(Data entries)

———

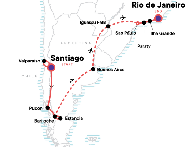 Your Discover Moment: Ilha Grande. City tour of Santiago. Driving through the Seven Lakes district. Estancia visit and barbecue lunch (full-day). Iguassu Falls visit (Brazil and Argentina). Local flights. All transport between destinations and to/from included activities.
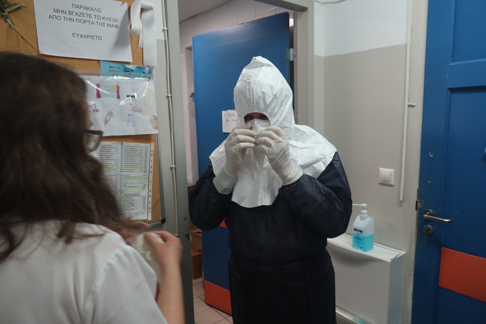 κατόπιν συνεννοήσεως με τη Διοίκηση του Νοσοκομείου, τους ιατρούς και τους νοσηλευτές της Μονάδος, τηρώντας τα προβλεπόμενα υγειονομικά πρωτόκολλα, τους ευχήθηκε ταχεία αποκατάσταση της υγείας τους και τους διένειμε πασχάλια αυγά και αναστάσιμες λαμπάδες.
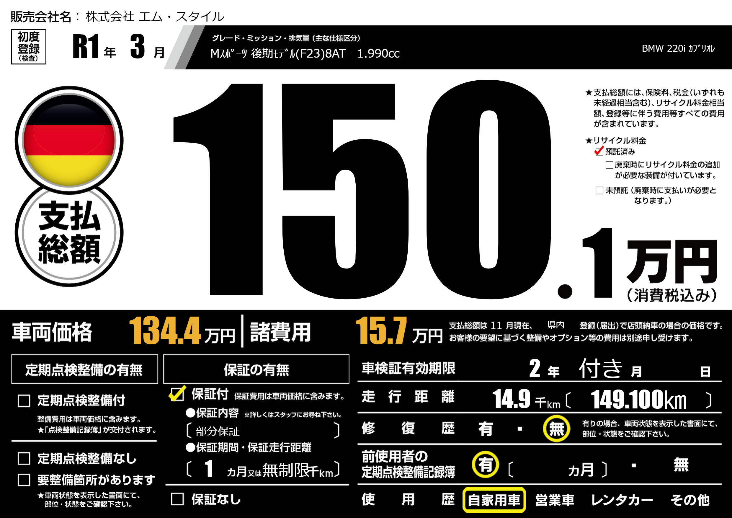 | 車名 | BMW 220i カブリオレ | グレード ミッション 排気量 |
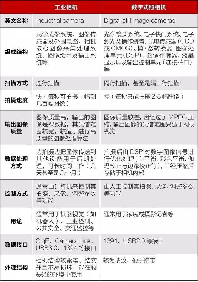 工業相機與普通數字式相機的主要區別
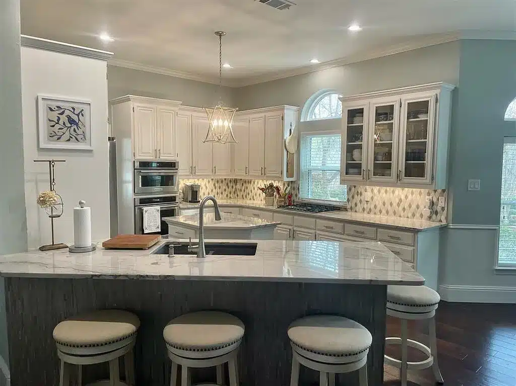 Located in Arlington’s Viridian development, this house sits in this master-planned community just south of the DFW International Airport. For a dual-career couple going opposite directions, it’s an easy commute to both Dallas and Fort Worth.
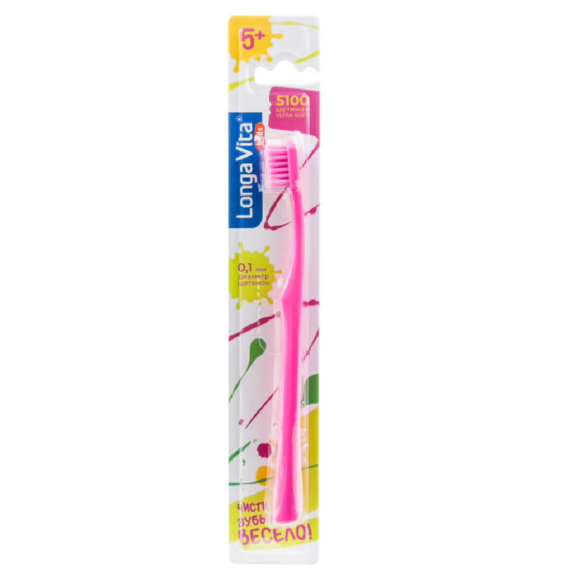 Детская зубная щётка, проф линейка 5100 щетинок, розовая, от 5 лет, Longa Vita
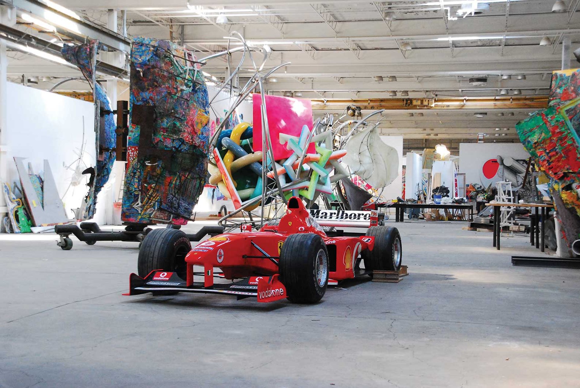 Driving ambition: a Ferrari Formula 1 car (pictured in 2009) dominated Stella’s studio in Rock Tavern, New York
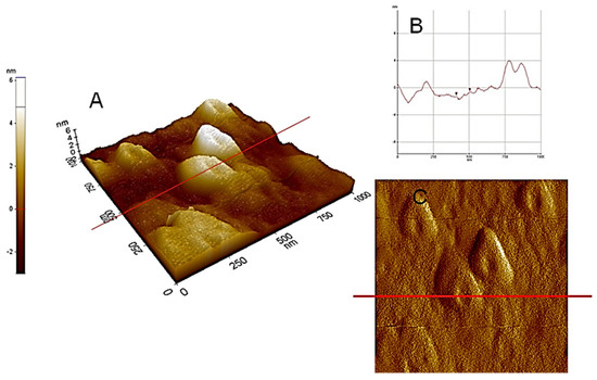 AFM−C (contact mode): (A) microtopography with 3D images of HA dispersed in pure water at pH 5, adsorbed and dried on a mica surface with section analysis (B) and amplitude (C).

———

> [Exercise description] Copy the records exactly as they appear, excluding images.

> [Solution to this problem]
 Your Discover Moment: Ilha Grande. City tour of Santiago. Driving through the Seven Lakes district. Estancia visit and barbecue lunch (full-day). Iguassu Falls visit (Brazil and Argentina). Local flights. All transport between destinations and to/from included activities.
 κατόπιν συνεννοήσεως με τη Διοίκηση του Νοσοκομείου, τους ιατρούς και τους νοσηλευτές της Μονάδος, τηρώντας τα προβλεπόμενα υγειονομικά πρωτόκολλα, τους ευχήθηκε ταχεία αποκατάσταση της υγείας τους και τους διένειμε πασχάλια αυγά και αναστάσιμες λαμπάδες.
 | 車名 | BMW 220i カブリオレ | グレード ミッション 排気量 |
 工業相機與普通數字式相機的主要區別
 Located in Arlington’s Viridian development, this house sits in this master-planned community just south of the DFW International Airport. For a dual-career couple going opposite directions, it’s an easy commute to both Dallas and Fort Worth.
 Детская зубная щётка, проф линейка 5100 щетинок, розовая, от 5 лет, Longa Vita
 Driving ambition: a Ferrari Formula 1 car (pictured in 2009) dominated Stella’s studio in Rock Tavern, New York
 AFM−C (contact mode): (A) microtopography with 3D images of HA dispersed in pure water at pH 5, adsorbed and dried on a mica surface with section analysis (B) and amplitude (C).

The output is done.